Charles wants to speak to Kershaw to sound him out on communication  and co-operation, so he is taken to talk to the committee. He  finds no common ground with them. Dunne suggests that Charles  puts his ideas to the whole community at the next morning's assembly,  and Kershaw agrees.

However, Dunne has seen a way to use Charles in the power  struggle between herself and Kershaw. When they are alone, she  advises Kershaw to go to Charles that night and tell him to leave  immediately, claiming she doesn't want the community unsettled  by his subversive ideas. Kershaw does this, telling Charles that  he can't guarantee his safety if he speaks next morning.

Later on, Dunne herself visits Charles, telling him to lock  himself in as Kershaw is setting a trap, and he will be killed  if he tries to leave. Charles and Pet do she advises.

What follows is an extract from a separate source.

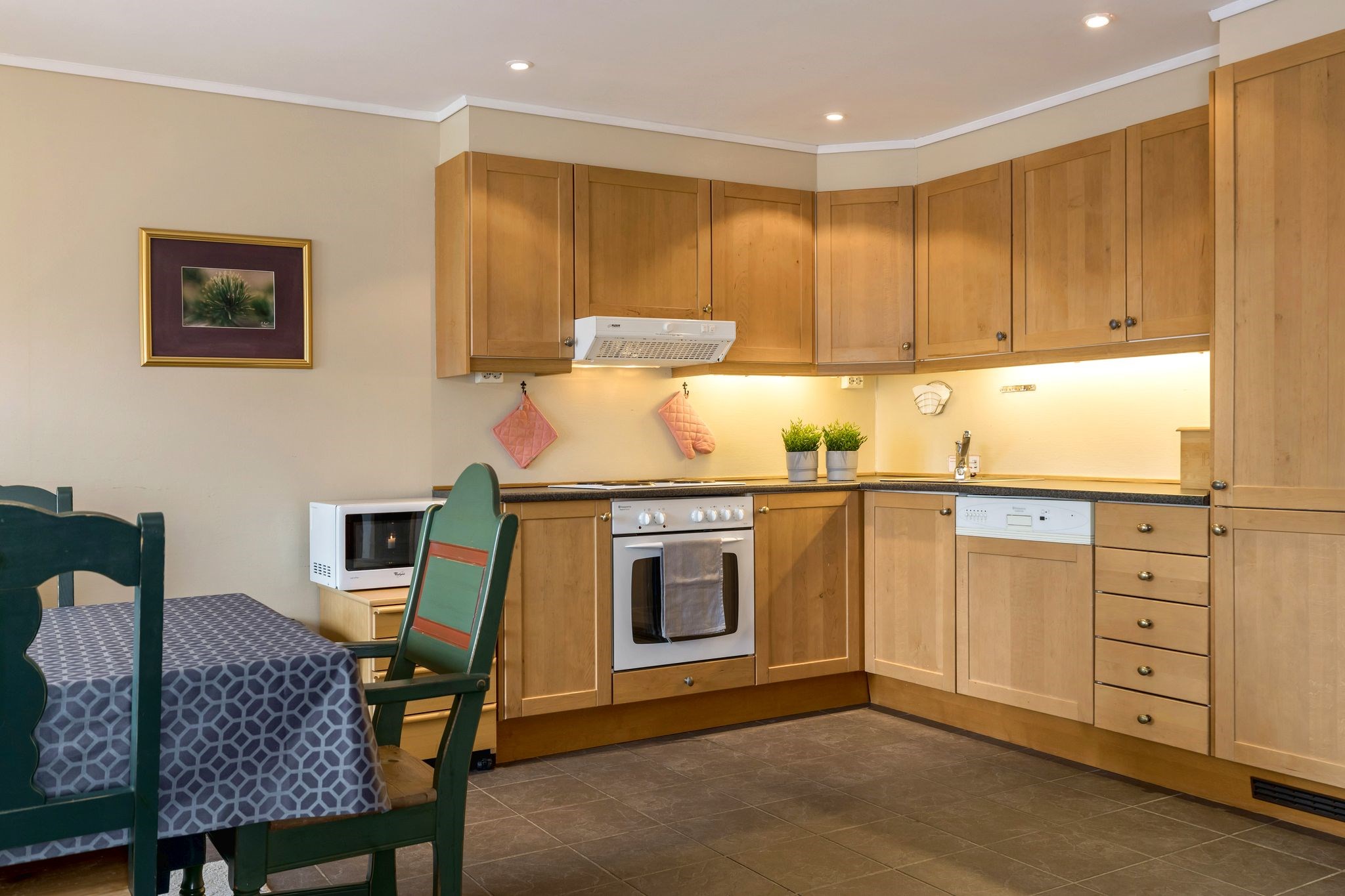 Keuken: fornuis, koelkast met vriesvak, vaatwasser, magnetron.

The next morning, Charles is introduced to the assembly. He  is questioned on his ideas, but the session turns into a harsh  cross examination, and eventually a trial for subversion - he  is accused of endangering the community by bringing the ill travellers  back to it. Dunne turns the questioning round on Kershaw, saying  he has lied to them, and using the previous night's events as  evidence that he was going to kill Charles and Pet off-hand.  She also reveals that some runaways from the community who had  returned, claiming to prefer life there than on the outside,  had been organised by Kershaw as a deception.

Dunne gets the community onto her side, and they back her  to take over the leadership. As proof of the clemency of the  new regime, she does not punish Kershaw.

As they leave, Pet and Charles muse on the events and realise  Dunnes' motives. Apart from the obvious fact that the regime  was becoming too extreme, they realise that most of the young  women in the camp were pregnant, and Dunne, in middle age, realized  she may be surplus to requirements and become a victim of their  euthanasia policy.